* **Goal of the exercise**
Under this line is a listing; return exactly the lines starting at the one with "甚至因为死亡的人数过于庞大,意大利不得已" and running down to the one with "集裝箱平板半掛車可運(yùn)輸集裝箱以及散貨等,一車多用深受客戶喜愛。", and leave out its pictures.

* **Data for the task**

------------------------------------

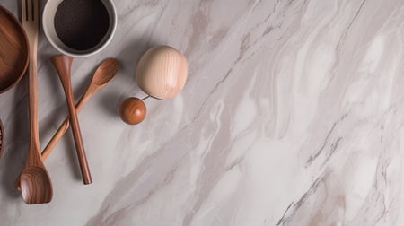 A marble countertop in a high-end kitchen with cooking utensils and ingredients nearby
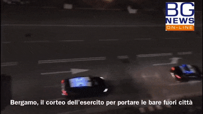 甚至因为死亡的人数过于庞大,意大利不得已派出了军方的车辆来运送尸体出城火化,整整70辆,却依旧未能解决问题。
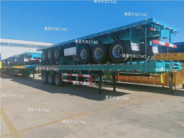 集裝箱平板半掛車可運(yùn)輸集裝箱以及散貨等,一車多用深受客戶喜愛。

------------------------------------

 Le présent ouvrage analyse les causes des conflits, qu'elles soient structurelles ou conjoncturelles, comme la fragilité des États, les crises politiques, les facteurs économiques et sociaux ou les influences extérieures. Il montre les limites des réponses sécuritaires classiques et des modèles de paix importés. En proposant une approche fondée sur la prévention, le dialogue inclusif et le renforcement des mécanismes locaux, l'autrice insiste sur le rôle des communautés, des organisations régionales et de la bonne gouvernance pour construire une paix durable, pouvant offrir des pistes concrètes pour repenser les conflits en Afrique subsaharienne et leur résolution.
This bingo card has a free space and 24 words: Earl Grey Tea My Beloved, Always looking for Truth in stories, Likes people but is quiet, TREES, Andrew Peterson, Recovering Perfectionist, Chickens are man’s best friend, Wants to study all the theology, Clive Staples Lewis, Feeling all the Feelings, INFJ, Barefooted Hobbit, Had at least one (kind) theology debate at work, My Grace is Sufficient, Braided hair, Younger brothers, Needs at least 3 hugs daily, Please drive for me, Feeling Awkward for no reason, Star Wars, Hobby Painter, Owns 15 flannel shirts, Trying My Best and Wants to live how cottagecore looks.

------------------------------------

* **Final answer**
 甚至因为死亡的人数过于庞大,意大利不得已派出了军方的车辆来运送尸体出城火化,整整70辆,却依旧未能解决问题。
 集裝箱平板半掛車可運(yùn)輸集裝箱以及散貨等,一車多用深受客戶喜愛。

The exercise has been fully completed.